▶ Exercise directions: Please reproduce all of the data below exactly, leaving each picture out.

▶ Information provided:
────

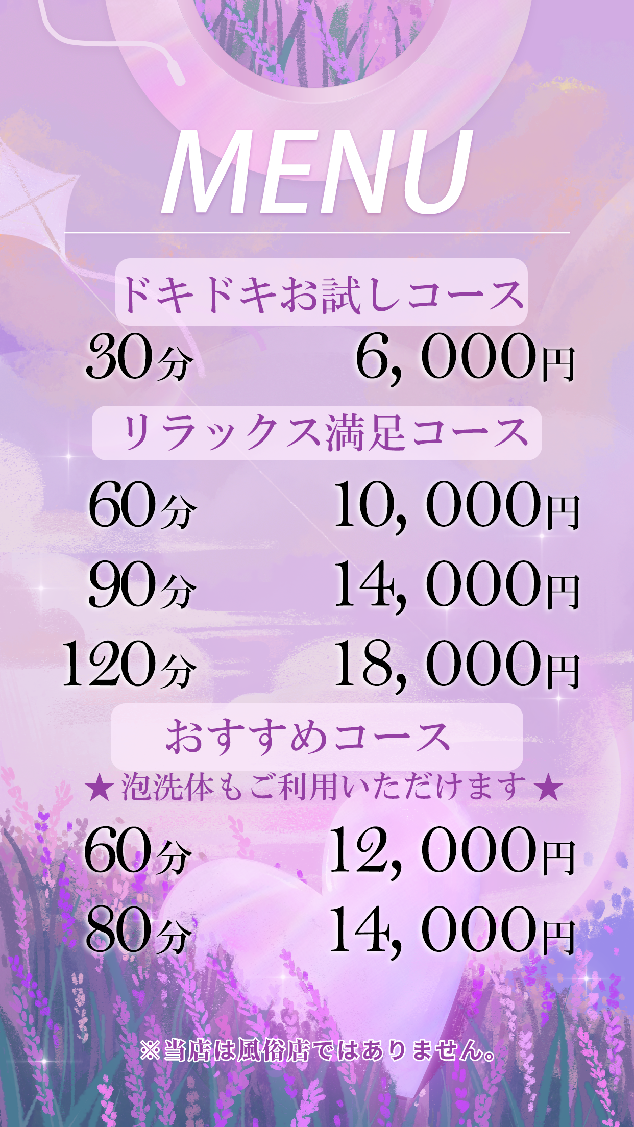 一度お店で可愛い子を覗いていってください当店はお客様に楽しんでマッサージしていただくことを第一に接客しております。みなさんとの繋がりや絆を大事に出来るお店を作りたくて優しさ・温かさ・心地よさをセラピストに癒しと名付けました。視覚・聴覚・嗅覚・味覚・触覚・・・五感全てに癒しを感じてもらえるように空間・照明・音楽・・・そしてマッサージを是非とも体感してみてください。ぜひ、一度お店で可愛い子を覗いていってくださいね!
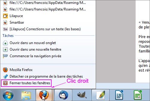 Prenons cet exemple, ci-dessous, où 4 fenêtres de Firefox sont ouvertes.
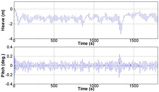 - In terms of the low-frequency motion, the surge–heave coupled motion occurred because of the set-down caused by the surge motion. In addition, the effect of the heave–pitch coupled motion was minimal under this wave condition.

────

▶ Your response:
 一度お店で可愛い子を覗いていってください当店はお客様に楽しんでマッサージしていただくことを第一に接客しております。みなさんとの繋がりや絆を大事に出来るお店を作りたくて優しさ・温かさ・心地よさをセラピストに癒しと名付けました。視覚・聴覚・嗅覚・味覚・触覚・・・五感全てに癒しを感じてもらえるように空間・照明・音楽・・・そしてマッサージを是非とも体感してみてください。ぜひ、一度お店で可愛い子を覗いていってくださいね!
 Prenons cet exemple, ci-dessous, où 4 fenêtres de Firefox sont ouvertes.
 - In terms of the low-frequency motion, the surge–heave coupled motion occurred because of the set-down caused by the surge motion. In addition, the effect of the heave–pitch coupled motion was minimal under this wave condition.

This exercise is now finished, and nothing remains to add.